***** DATASET EXTRACT

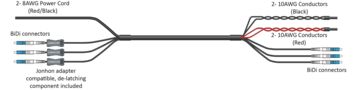 - 8AWG power cord connected to two 10 AWG conductors provides the equivalent of 7 AWG performance
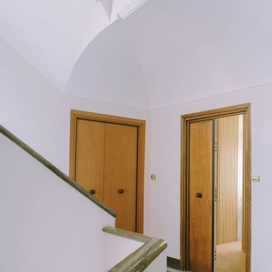 Con la sua particolare conformazione pentagonale concepita per ospitare jam session ed estemporanee musicali, la sala è esaltata nel suo minimalismo dalla boiserie che, come la cassa di un misterioso strumento musicale, organizza i percorsi e nasconde gli spazi secondari e di servizio, come la cappottiera, l’accesso al bagno, il passaggio verso la cucina e l’armadiatura semicircolare che ridisegna in maniera organica lo svincolo principale della casa; allo stesso tempo, il sistema a listelli affina l’acustica dello spazio e amplifica la diffusione della luce naturale.
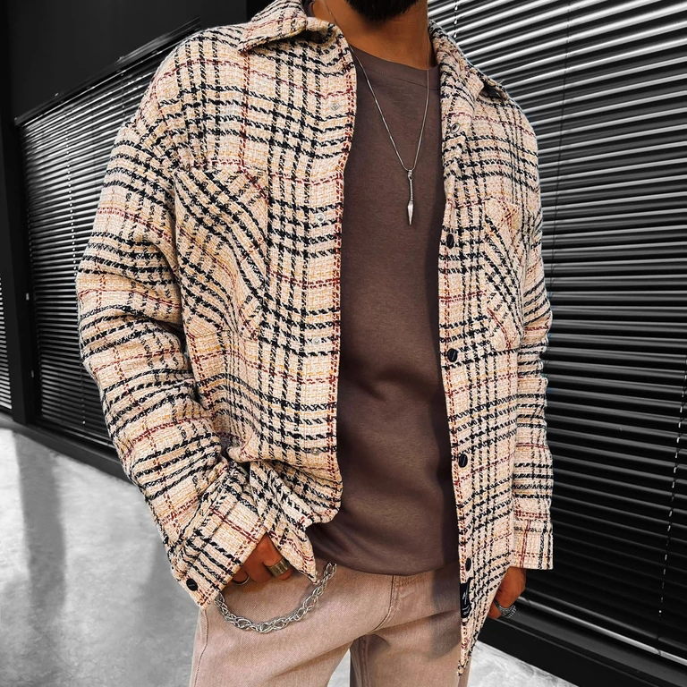 Casual Fashion Plaid Texture Long Sleeve Shirt Jacket

**********

*EXERCISE DIRECTIONS*
Print the stretch of the data from the line with "Con la sua particolare" through its last line, exactly and with both ends kept. Omit pictures.

*SOLVED EXERCISE*
 Con la sua particolare conformazione pentagonale concepita per ospitare jam session ed estemporanee musicali, la sala è esaltata nel suo minimalismo dalla boiserie che, come la cassa di un misterioso strumento musicale, organizza i percorsi e nasconde gli spazi secondari e di servizio, come la cappottiera, l’accesso al bagno, il passaggio verso la cucina e l’armadiatura semicircolare che ridisegna in maniera organica lo svincolo principale della casa; allo stesso tempo, il sistema a listelli affina l’acustica dello spazio e amplifica la diffusione della luce naturale.
 Casual Fashion Plaid Texture Long Sleeve Shirt Jacket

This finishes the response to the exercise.